*Data extract*
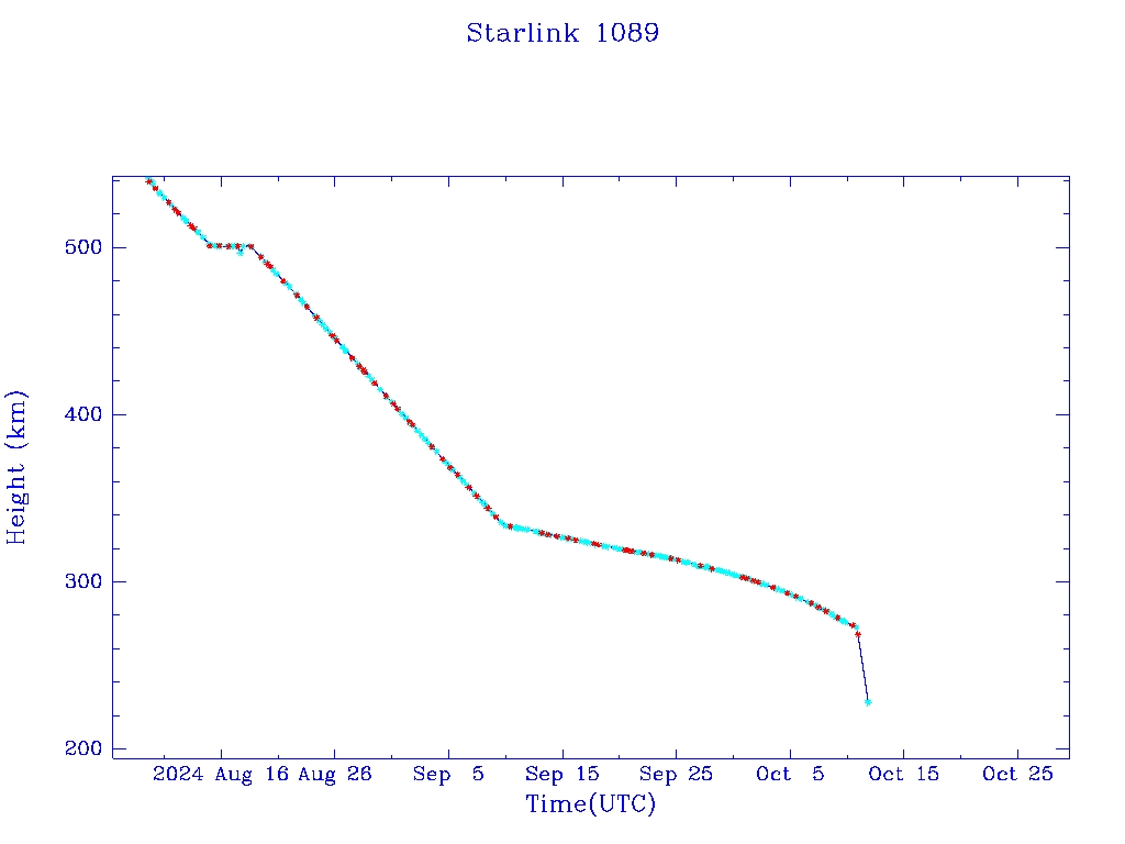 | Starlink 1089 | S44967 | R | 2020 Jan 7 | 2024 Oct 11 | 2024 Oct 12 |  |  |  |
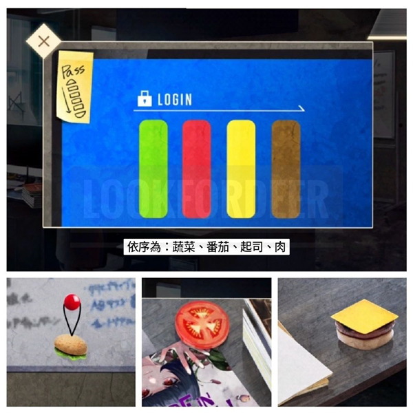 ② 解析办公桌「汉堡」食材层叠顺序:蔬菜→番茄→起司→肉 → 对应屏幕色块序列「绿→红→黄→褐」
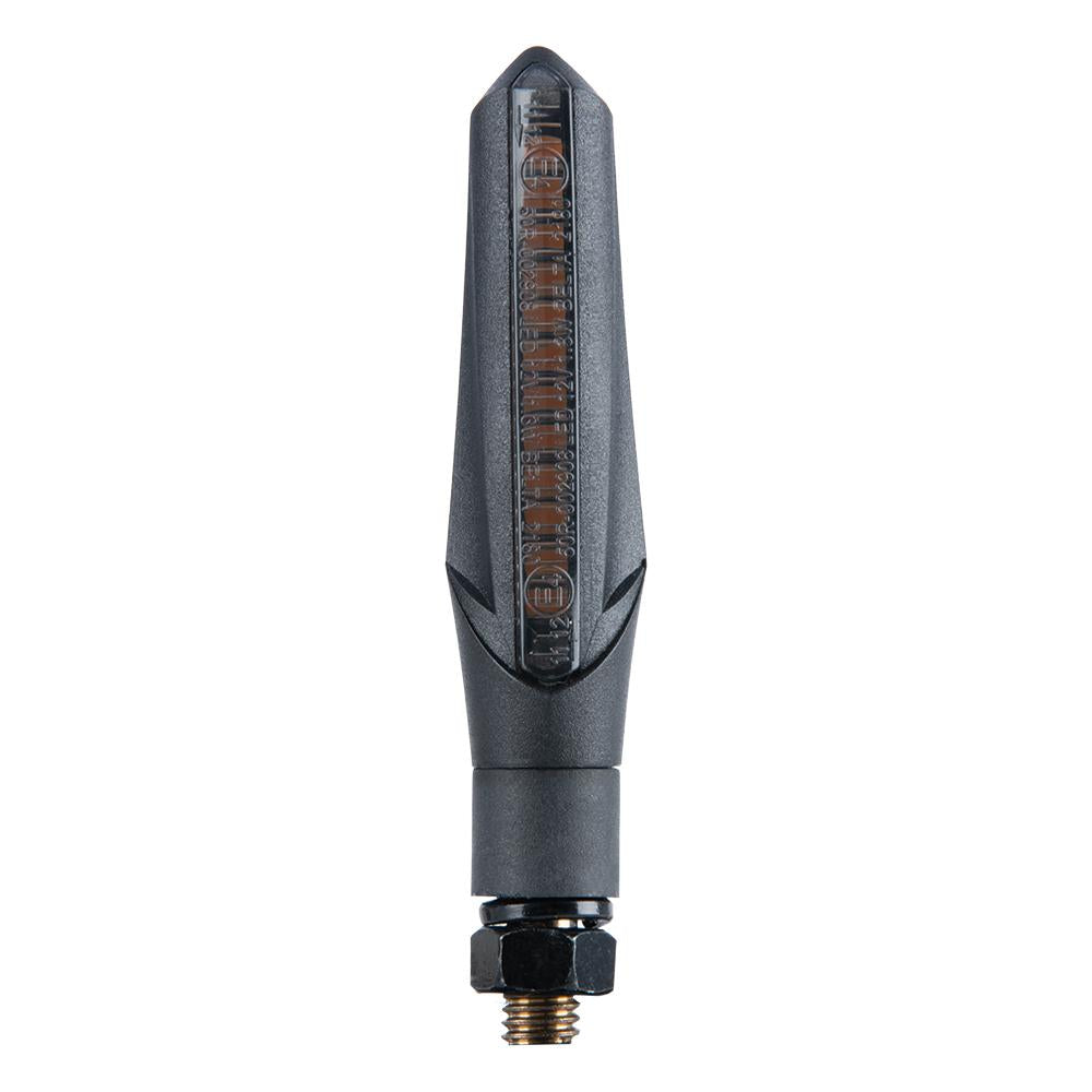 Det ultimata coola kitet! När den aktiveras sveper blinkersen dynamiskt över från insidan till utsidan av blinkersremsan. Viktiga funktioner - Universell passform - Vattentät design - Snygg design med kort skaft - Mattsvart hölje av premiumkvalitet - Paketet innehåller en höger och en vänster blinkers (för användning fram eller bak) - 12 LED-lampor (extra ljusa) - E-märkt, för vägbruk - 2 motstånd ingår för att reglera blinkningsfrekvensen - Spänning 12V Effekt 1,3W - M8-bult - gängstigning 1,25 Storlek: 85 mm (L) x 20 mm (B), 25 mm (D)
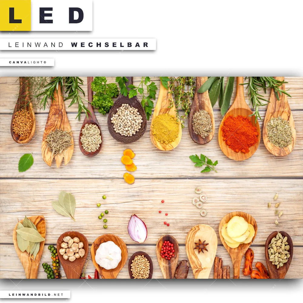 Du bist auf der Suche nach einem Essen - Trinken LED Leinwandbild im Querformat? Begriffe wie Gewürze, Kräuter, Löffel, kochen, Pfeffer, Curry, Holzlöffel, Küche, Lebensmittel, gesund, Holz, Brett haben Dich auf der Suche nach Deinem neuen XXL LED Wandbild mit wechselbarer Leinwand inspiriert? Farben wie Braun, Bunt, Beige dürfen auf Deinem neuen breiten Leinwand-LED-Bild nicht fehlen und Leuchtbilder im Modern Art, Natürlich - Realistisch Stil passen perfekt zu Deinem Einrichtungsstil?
* * *
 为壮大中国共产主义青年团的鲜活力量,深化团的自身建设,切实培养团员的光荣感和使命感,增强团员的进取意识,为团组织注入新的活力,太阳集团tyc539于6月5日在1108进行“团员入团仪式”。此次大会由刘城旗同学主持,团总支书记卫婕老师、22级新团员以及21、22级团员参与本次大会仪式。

*Work instructions*
Reproduce the listing above exactly from the line containing "② 解析办公桌「汉堡」食材层叠顺序:蔬菜→番茄→起司→肉 →" up to and including the line containing "Du bist auf", omitting any images and everything outside those lines.

*Solution to this problem*
 ② 解析办公桌「汉堡」食材层叠顺序:蔬菜→番茄→起司→肉 → 对应屏幕色块序列「绿→红→黄→褐」
 Det ultimata coola kitet! När den aktiveras sveper blinkersen dynamiskt över från insidan till utsidan av blinkersremsan. Viktiga funktioner - Universell passform - Vattentät design - Snygg design med kort skaft - Mattsvart hölje av premiumkvalitet - Paketet innehåller en höger och en vänster blinkers (för användning fram eller bak) - 12 LED-lampor (extra ljusa) - E-märkt, för vägbruk - 2 motstånd ingår för att reglera blinkningsfrekvensen - Spänning 12V Effekt 1,3W - M8-bult - gängstigning 1,25 Storlek: 85 mm (L) x 20 mm (B), 25 mm (D)
 Du bist auf der Suche nach einem Essen - Trinken LED Leinwandbild im Querformat? Begriffe wie Gewürze, Kräuter, Löffel, kochen, Pfeffer, Curry, Holzlöffel, Küche, Lebensmittel, gesund, Holz, Brett haben Dich auf der Suche nach Deinem neuen XXL LED Wandbild mit wechselbarer Leinwand inspiriert? Farben wie Braun, Bunt, Beige dürfen auf Deinem neuen breiten Leinwand-LED-Bild nicht fehlen und Leuchtbilder im Modern Art, Natürlich - Realistisch Stil passen perfekt zu Deinem Einrichtungsstil?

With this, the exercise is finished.